** Data for this exercise follows **

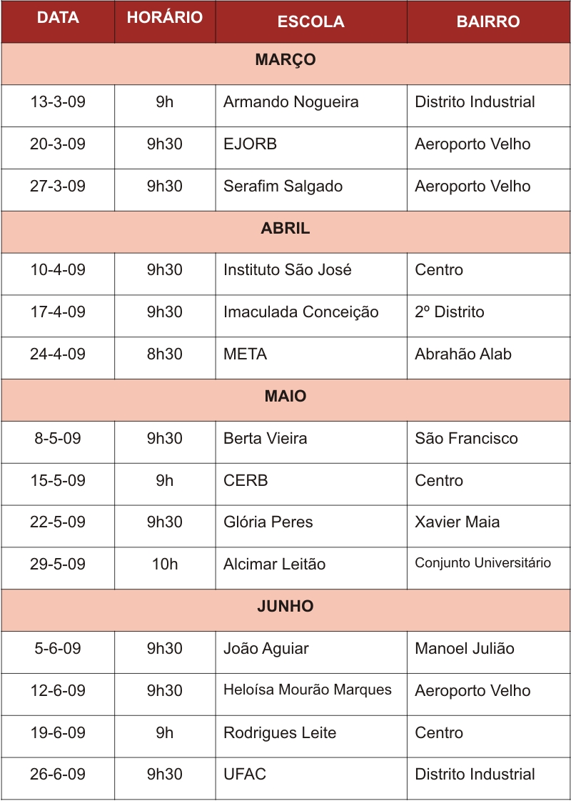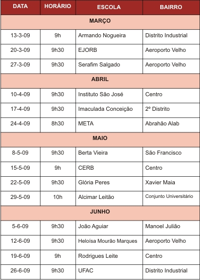 CALENDÁRIO DE PALESTRAS EM RIO BRANCO
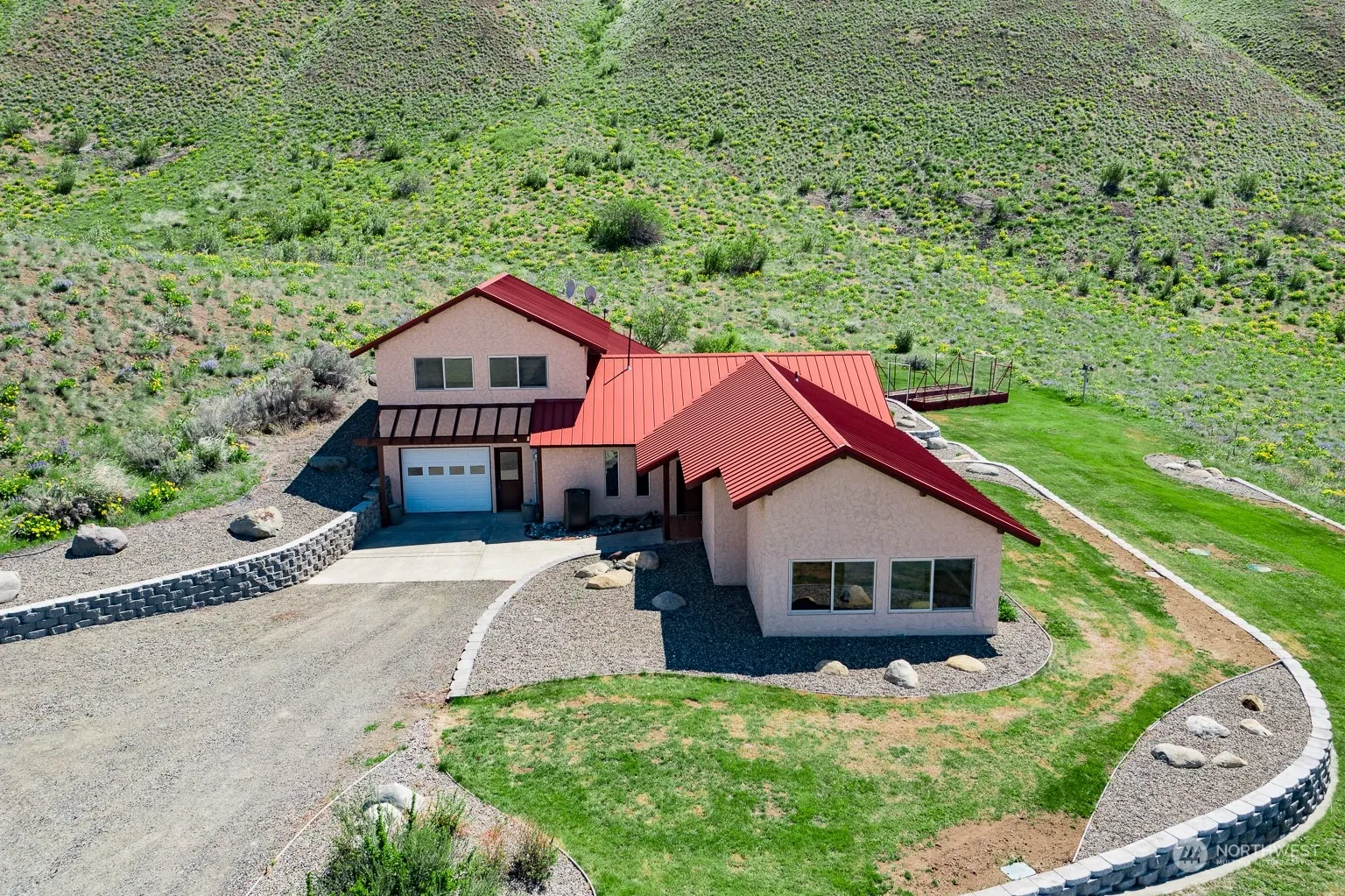Private and secluded, this Southwest style home is nestled in the heart of breathtaking scenery. Step inside and be greeted by a freshly painted interior that exudes warmth and charm. Natural light floods the space through beautiful arched windows capturing the view of Indian Lake and Kittitas valley. The kitchen offers NEW granite counters and SS undermount sink and faucet. Ceramic tile thru out, 2 main bedrooms, upstairs bonus room has NEW Luxury vinyl flooring and pool table. Outside you will often see wild life passing through, garden beds, sprinkler system, water feature and 20×20 shop/garage. Approximately 4 miles to boat launch on Yakima River. The well at 305 ft., allowing 5,000 gallons per day, definitely sets this home apart!
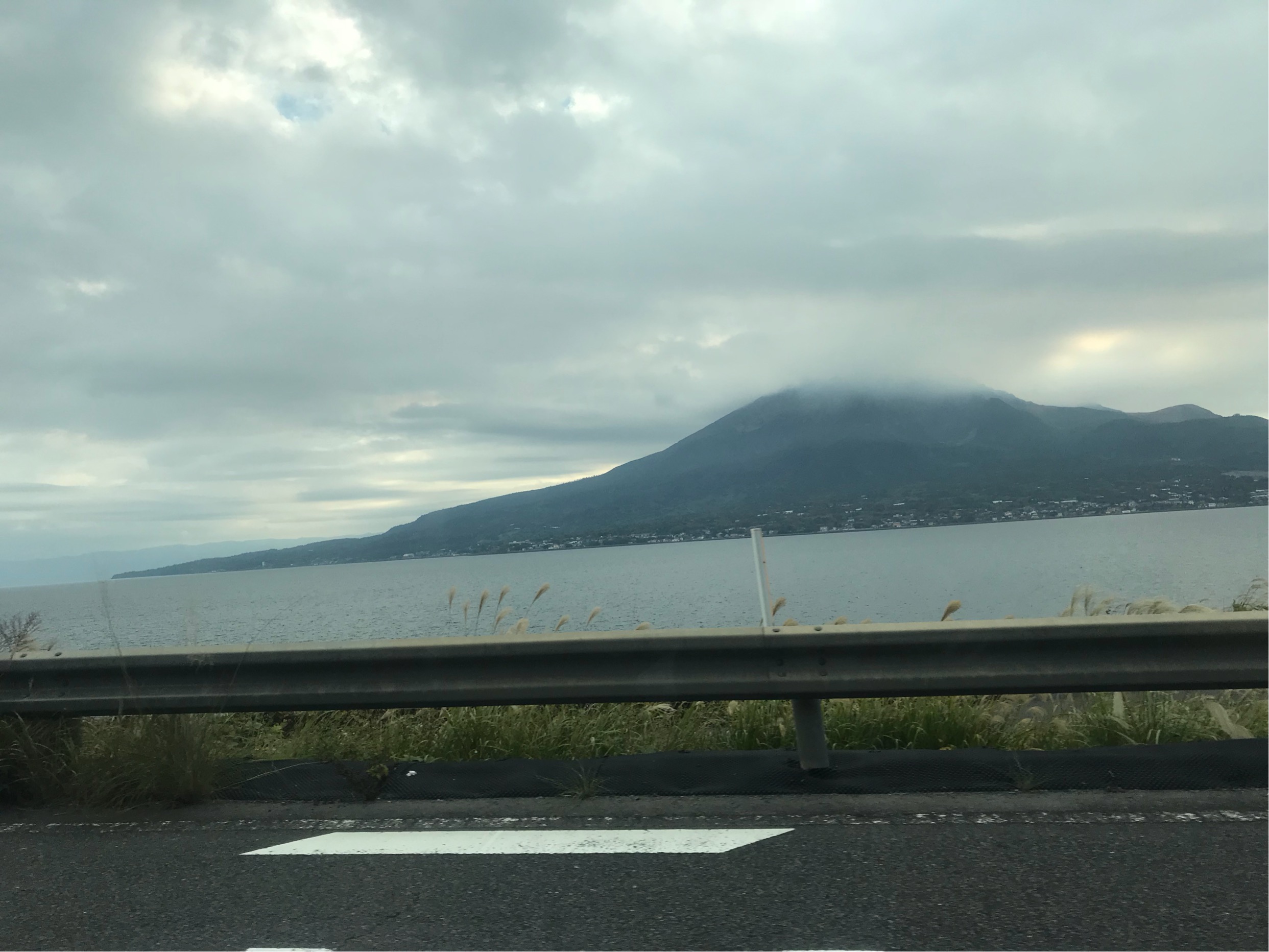 登山口へ向かう途中で桜島。頂上は雲で隠れています。
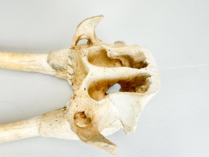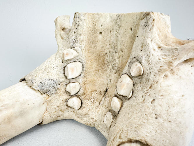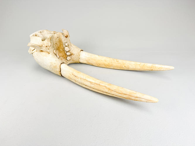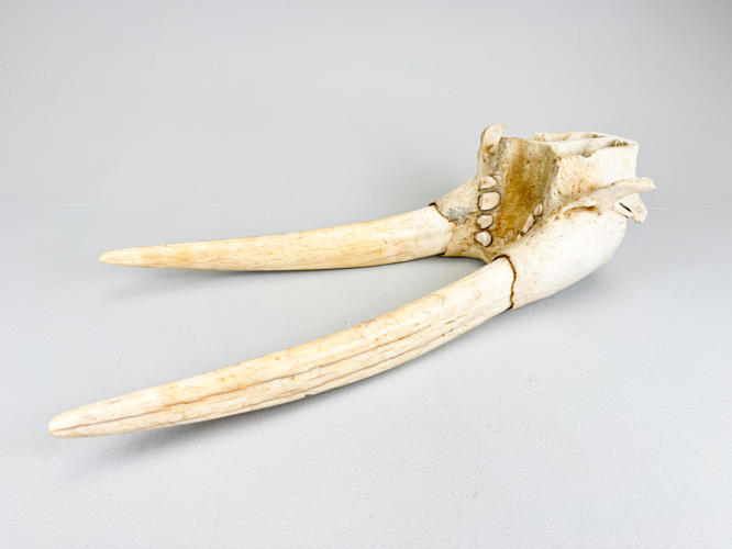 Hvalros kæbe med tænder. Højde i alt: 56 cm. Aldersrelateret patina. Kan sælges indenfor EU uden CITES.
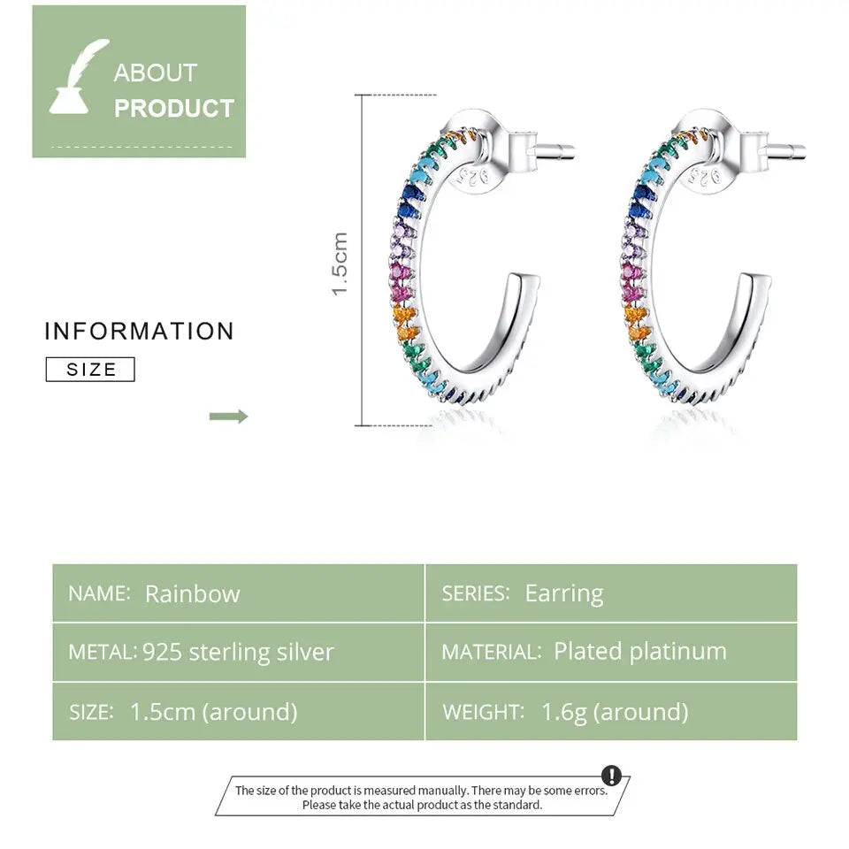 🌈 925 Sterling Silver Rainbow CZ Stud Earrings – Trendy Minimalist Jewelry for Women & Girls
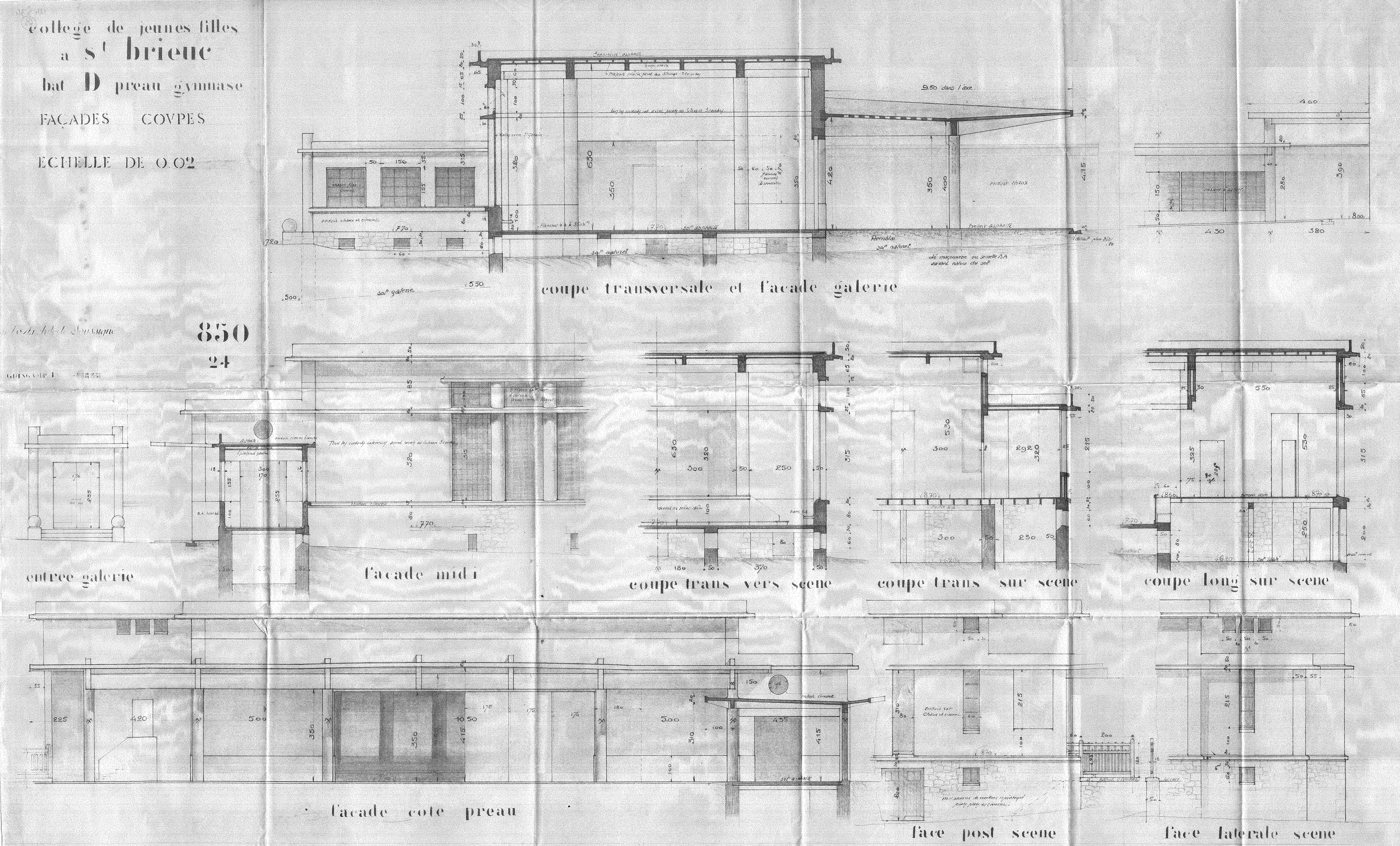 AD Côtes-d'Armor : 124 J 64. Préau gymnase : façades et coupes. G.-R. Lefort, 1934.
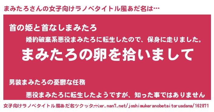 | 意味不明あだ名 | 『とにかく怪しいまみたろ』 |
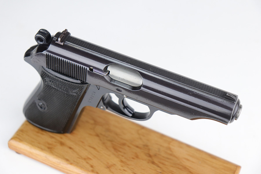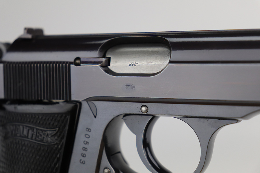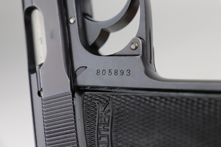 9/17/21 – This is an incredibly rare and nearly impossible-to-find Walther PP in 6.35mm from the Nazi era. There were only ~150 produced, and fewer than 20 recorded examples! It’s all original and in terrific condition, with about 96-97% of the high-polish blue remaining. Minor high edge wear on slide, and a small patch of finish loss on the bottom of the back strap. Beautiful bore, hardly looks used. Excellent grips with no cracks or chips.
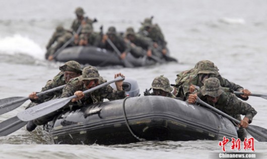资料图:韩国特种部队划橡皮艇进行作战训练
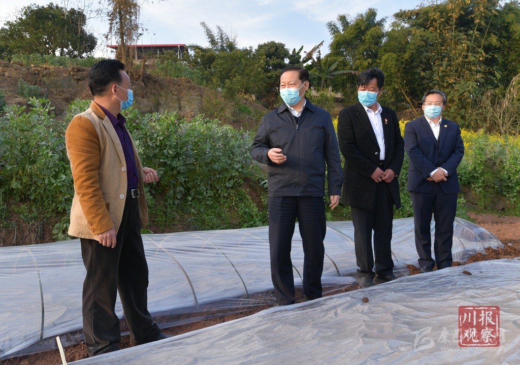 農(nóng)歷驚蟄時(shí)節(jié),田間地頭到處是機(jī)耕、播種、育秧的忙碌景象。彭清華來(lái)到瀘州市合江縣白米鎮(zhèn)斗笠村和自貢市榮縣雙石鎮(zhèn)大竹林村、蔡家堰村,實(shí)地了解農(nóng)村地區(qū)疫情防控、春耕備耕、生豬生產(chǎn)、農(nóng)民工外出務(wù)工等情況。
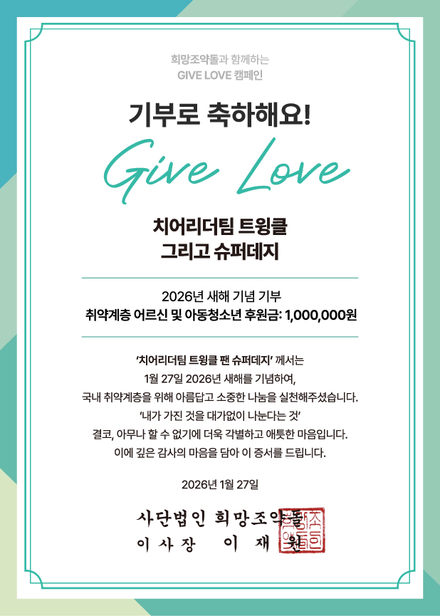 '슈퍼데지'님께서 소외된 이웃을 위한
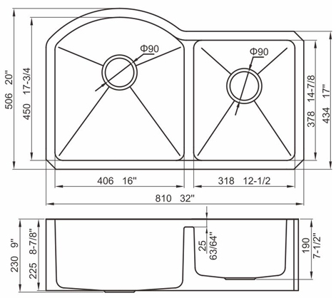 槽底采用斜面壓痕,四輻導流槽設計,與平面壓痕和無痕水槽相比,導水更為流暢,下水更迅速,能有效防止積水,消除沉淀物
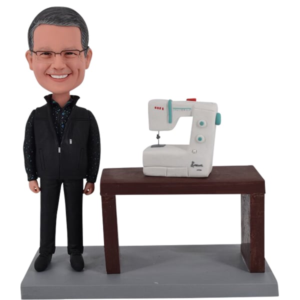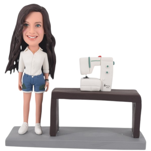 Custom Sewer Bobble Head with sewing machine on desk seamstress
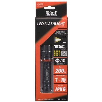 明るさ200ルーメンのLEDフラッシュライトです。HIGH/LOWの2モードに対応し、スライドフォーカスで照射角を自由に調整できます。TIMAX IC搭載で明るさを長時間キープし、IPX6の耐水性能でアウトドアや防災用途にも最適。単3乾電池1本で動作する、携帯しやすい軽量モデルです。

** End of Data for this exercise **

**What you need to do**
Reproduce the data above in full, exactly as it is, with the pictures left out.

**Result**
 CALENDÁRIO DE PALESTRAS EM RIO BRANCO
Private and secluded, this Southwest style home is nestled in the heart of breathtaking scenery. Step inside and be greeted by a freshly painted interior that exudes warmth and charm. Natural light floods the space through beautiful arched windows capturing the view of Indian Lake and Kittitas valley. The kitchen offers NEW granite counters and SS undermount sink and faucet. Ceramic tile thru out, 2 main bedrooms, upstairs bonus room has NEW Luxury vinyl flooring and pool table. Outside you will often see wild life passing through, garden beds, sprinkler system, water feature and 20×20 shop/garage. Approximately 4 miles to boat launch on Yakima River. The well at 305 ft., allowing 5,000 gallons per day, definitely sets this home apart!
 登山口へ向かう途中で桜島。頂上は雲で隠れています。
 Hvalros kæbe med tænder. Højde i alt: 56 cm. Aldersrelateret patina. Kan sælges indenfor EU uden CITES.
 🌈 925 Sterling Silver Rainbow CZ Stud Earrings – Trendy Minimalist Jewelry for Women & Girls
 AD Côtes-d'Armor : 124 J 64. Préau gymnase : façades et coupes. G.-R. Lefort, 1934.
 | 意味不明あだ名 | 『とにかく怪しいまみたろ』 |
 9/17/21 – This is an incredibly rare and nearly impossible-to-find Walther PP in 6.35mm from the Nazi era. There were only ~150 produced, and fewer than 20 recorded examples! It’s all original and in terrific condition, with about 96-97% of the high-polish blue remaining. Minor high edge wear on slide, and a small patch of finish loss on the bottom of the back strap. Beautiful bore, hardly looks used. Excellent grips with no cracks or chips.
资料图:韩国特种部队划橡皮艇进行作战训练
 農(nóng)歷驚蟄時(shí)節(jié),田間地頭到處是機(jī)耕、播種、育秧的忙碌景象。彭清華來(lái)到瀘州市合江縣白米鎮(zhèn)斗笠村和自貢市榮縣雙石鎮(zhèn)大竹林村、蔡家堰村,實(shí)地了解農(nóng)村地區(qū)疫情防控、春耕備耕、生豬生產(chǎn)、農(nóng)民工外出務(wù)工等情況。
 '슈퍼데지'님께서 소외된 이웃을 위한
 槽底采用斜面壓痕,四輻導流槽設計,與平面壓痕和無痕水槽相比,導水更為流暢,下水更迅速,能有效防止積水,消除沉淀物
 Custom Sewer Bobble Head with sewing machine on desk seamstress
 明るさ200ルーメンのLEDフラッシュライトです。HIGH/LOWの2モードに対応し、スライドフォーカスで照射角を自由に調整できます。TIMAX IC搭載で明るさを長時間キープし、IPX6の耐水性能でアウトドアや防災用途にも最適。単3乾電池1本で動作する、携帯しやすい軽量モデルです。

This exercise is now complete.